ScanTango supports most workgroup document scanners from Fujitsu on Mac OS X and supports scanning to multipage TIFF and PDF. It also has many extras such as barcoded document separator sheets, auto cropping, redaction, document merge and page-level editing of PDF files. You can automate distribution of scanned documents and do custom auto naming of files during scanning. This is a shameless plug since I am the authorCheck us out at www.scantango.com
Actually, there's a clever little trick you can use to make muti-page PDFs out of scanned documents. First, scan in all the images - the format you use isn't terribly important for the purposes of this technique (TIFF is just fine, if that's what you're using). Once all the images are assembled, open TextEdit. Open each image in Preview, copy it, and paste it into TextEdit.
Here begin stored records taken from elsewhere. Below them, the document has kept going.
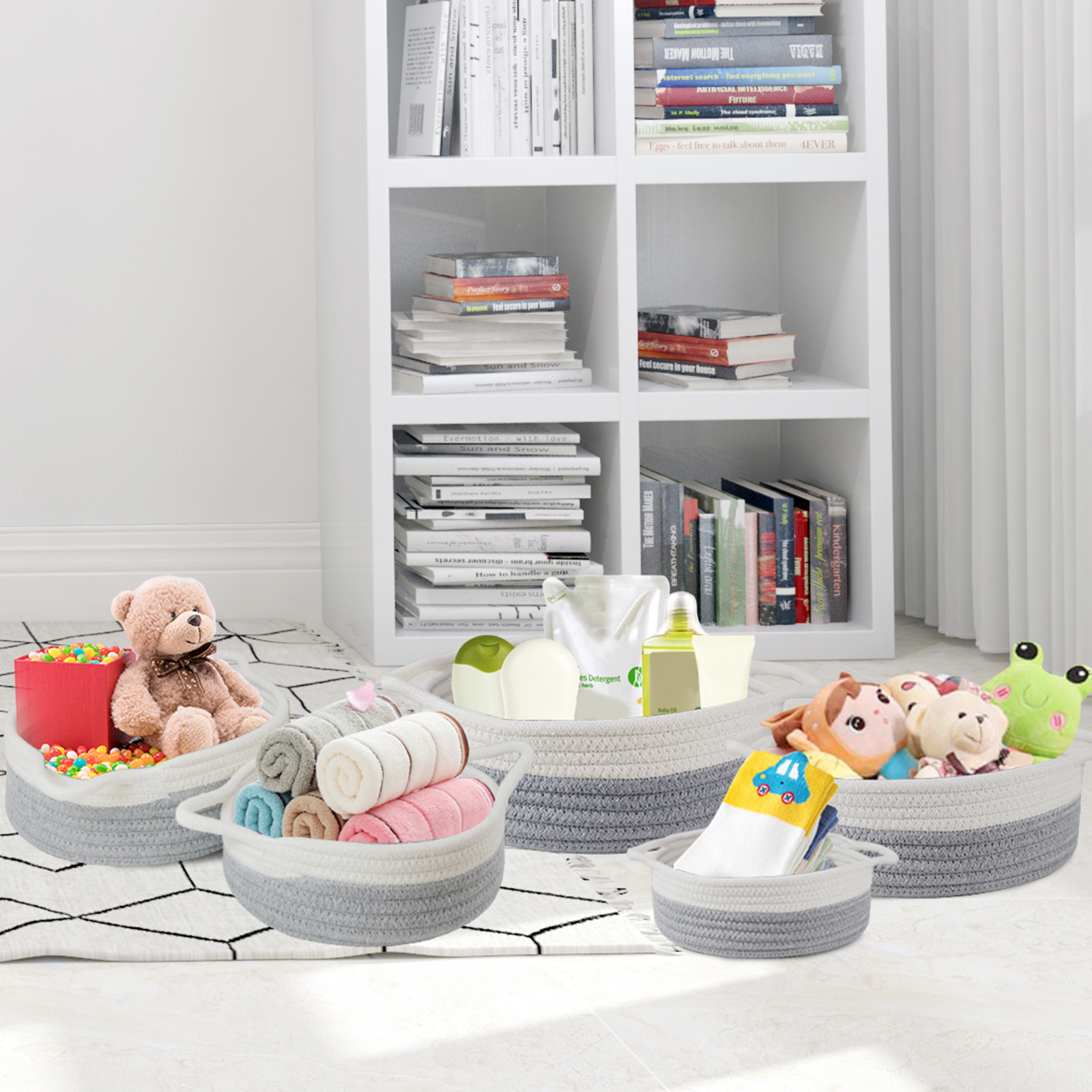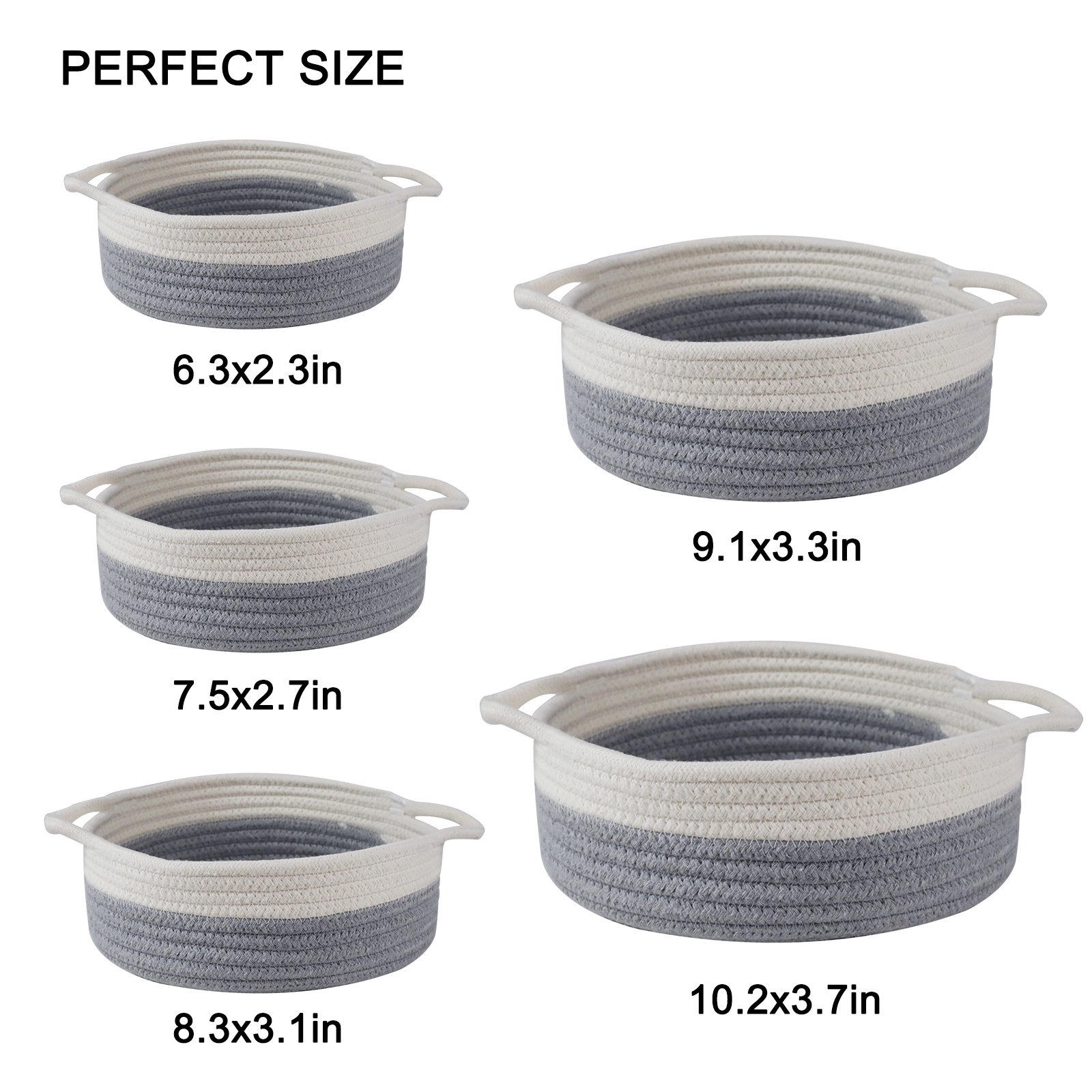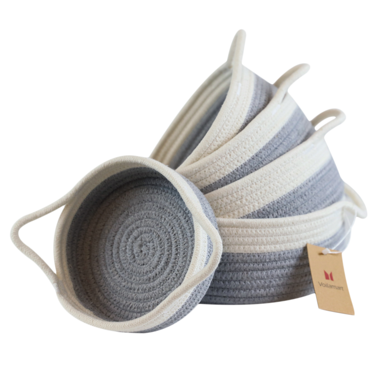 Voilamart Cotton Rope Basket Set of 5,Rope Basket with Handles,Woven Storage Basket,White and Gray Decorative Toy Baskets Setfor Baby Nursery toys, Remote, Controls, Phone, Stationary, Makeup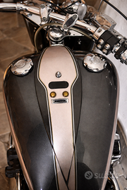 Night Train completamente trasformata, oltre 200 ore di lavorazione. Moto unica, non è la solita Harley. Scarichi con valvola apri/chiudi da manubrio, frizione Rekluse omologata a libretto, cerchi a raggi cromati, dischi margherita flottanti. Serbatoio allungato con tappi LED, sella artigianale a sbalzo, parafango posteriore integrato, manubrio dritto cromato con riser alti e faro LED stile Fat Boy. Filtro sportivo, centralina potenziata, componenti Kuryakyn, impianto frenante di livello. Verniciatura glitterata, telaio pulito con cablaggi nascosti. Gomme nuove, pronta all’uso. Moto da vetrina, ma utilizzabile tutti i giorni.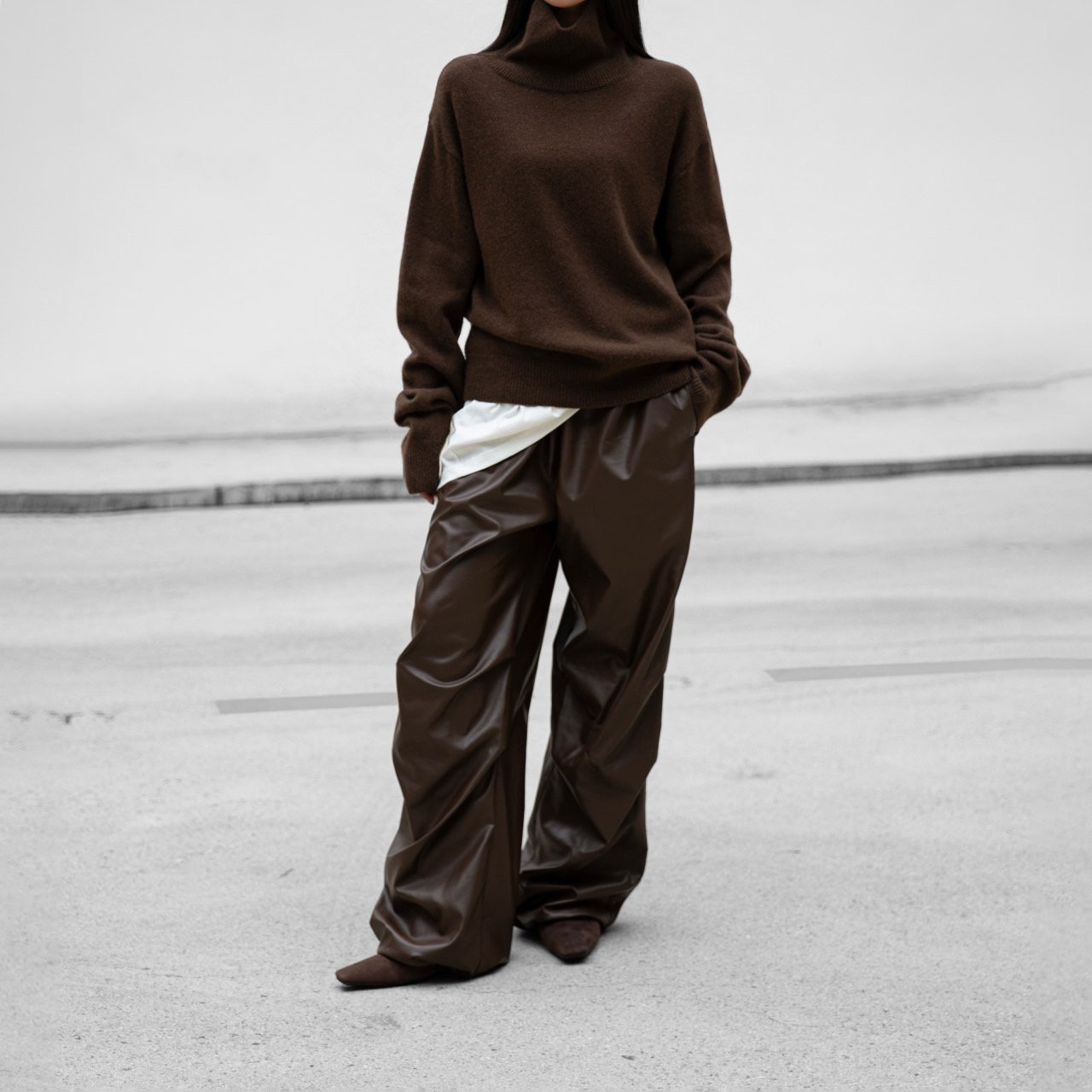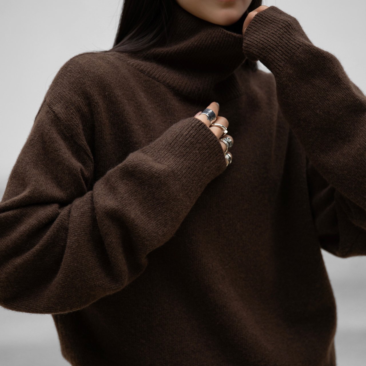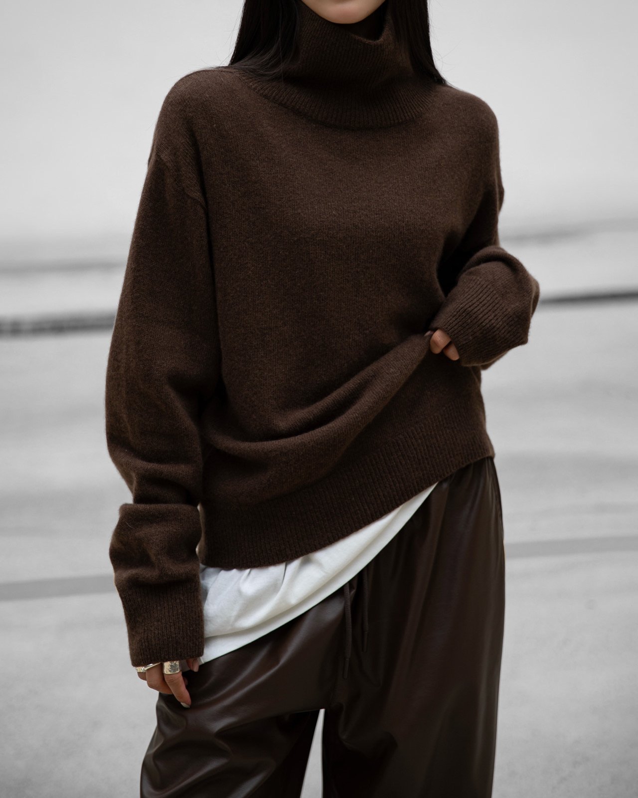 (PAPER MOON) CLASSIC CASHMERE BLENDED WOOL HIGH NECK KNIT TOP_BROWN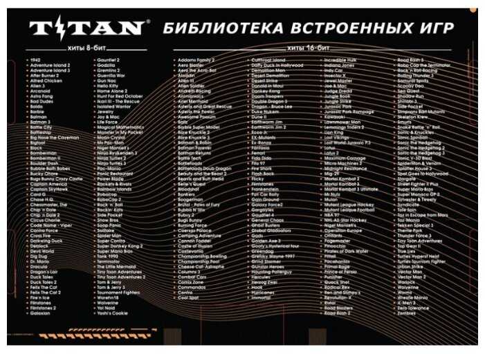- Включает хиты вроде Mortal Kombat, Battle City, Super Mario, Sonic, а также редкие проекты вроде Felix the Cat и Dune 2.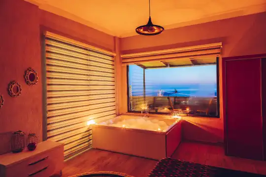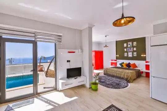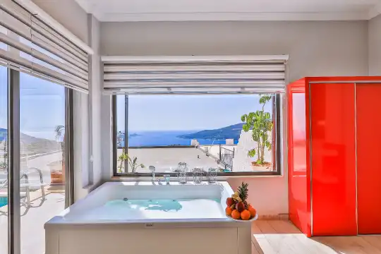 Villamız Kalkan Kördere bölgesindekonumlanmış olan kiralık villamızdır. Muhteşem bir deniz manzarasına sahip olan villamız havuz terası kısmi korunaklı yapısından dolayı ve balayı çiftleri için oldukça idealdir. Sevdiklerinizle birlikte günbatımına karşı içeceklerinizi yudumlayıp manzaranın tadını çıkarabilirsiniz. Villamızda bulunan jakuzi ise rahatlayıp tüm yılın yorgunluğunu üzerinizden atmanıza yardımcı olacaktır.

Then, print the resulting document to a PDF. Presto, multi-page PDF without having to pay for special software![]()
I've asked the same thing many times, and just stumbled on a way to do it easily.
Scan your multiple pages to an image file, like .jpg, I know it's tedious, name them (optional) by page number, put them into an empty folder.
When you're done with all the scanning, open the folder, select all of them, open with: Preview.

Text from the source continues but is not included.